The Huskies were the last Pac-12 team to make the playoff semifinals. In March, Cohen was named to the CFP selection committee for a three-year term, which would be a major selling point for USC given program aspirations to have a voice in the room.

Cohen has often championed the need for further diversity in college sports administration, serving for years as the only female athletic director in the Pac-12. The hiring marks a notable shift away from the end of Mike Bohn’s tenure, which ended suddenly and unexpectedly with his resignation after a Los Angeles Times investigation revealed allegations of improper workplace conduct towards female colleagues.

ESPN’s Pete Thamel was the first to report the hire. Cohen will begin her duties as USC’s latest AD on campus tomorrow.

Cohen will be tasked with shouldering massive expectations for the football program in Lincoln Riley’s second season, which begins in just a few days with Saturday’s clash against San Jose State, and with furthering the work of an interim leadership team to lead the university into the Big Ten era in 2024.
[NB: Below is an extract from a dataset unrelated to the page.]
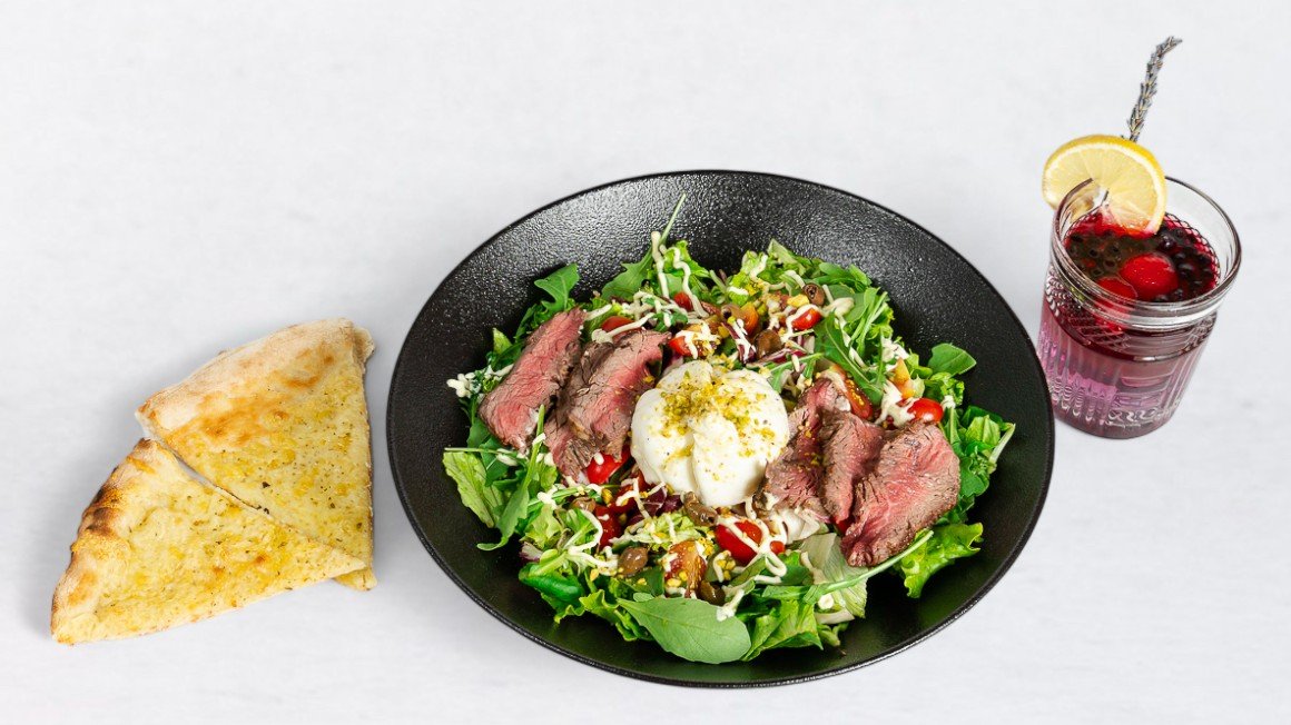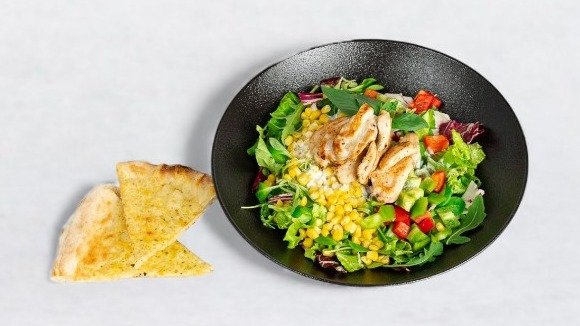 Piščanec, paprika, bučka, burrata, sveža bazilika V ceno jedi je všteto doplačilo 0.50 eur za biorazgradljivo embalažo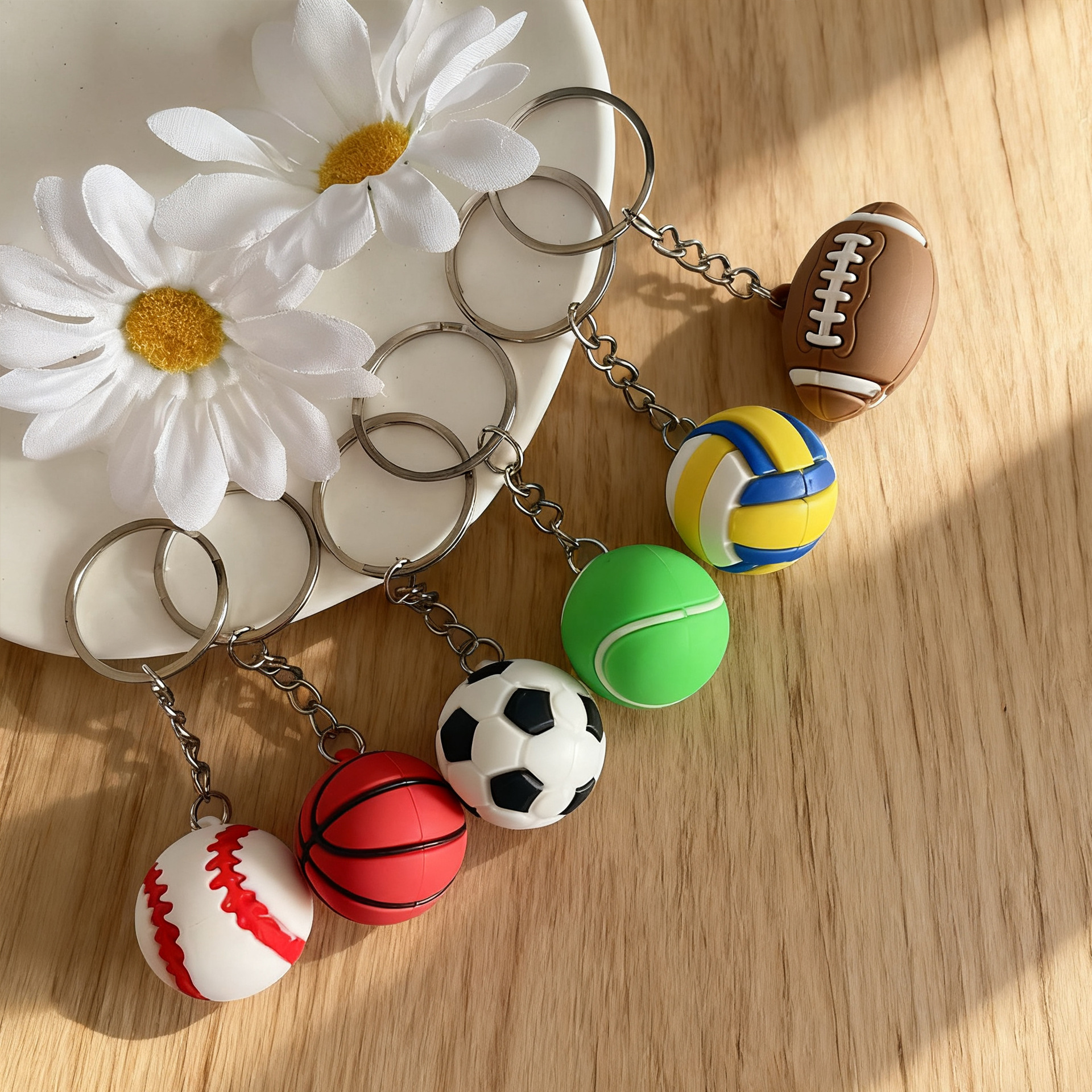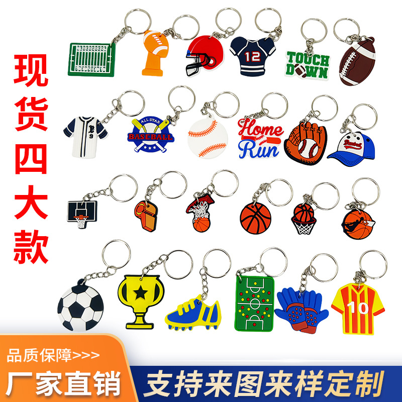 跨境现货足球橄榄球系列pvc软胶钥匙链挂坠棒球篮球饰品钥匙扣

USC has deep resources, fertile recruiting geography, football momentum and loads of history. It’s well positioned to matter in this new-world of college athletics. The Trojans will be scary-good under Cohen’s command.

Cohen was born in Southern California, but grew up in Tacoma. In the fifth grade, she wrote a letter to UW’s football coach. Cohen told Don James she wanted to succeed him and become the first female football coach in college history. James wrote back and encouraged her to get involved in athletic-department administration.

“One candidate stood above the rest,” Carol Folt said.

“I told Dr. Folt that there was only one school I’d ever leave UW for, and that was USC,” Cohen said. “So I’ve kept my eye on USC for a long time.”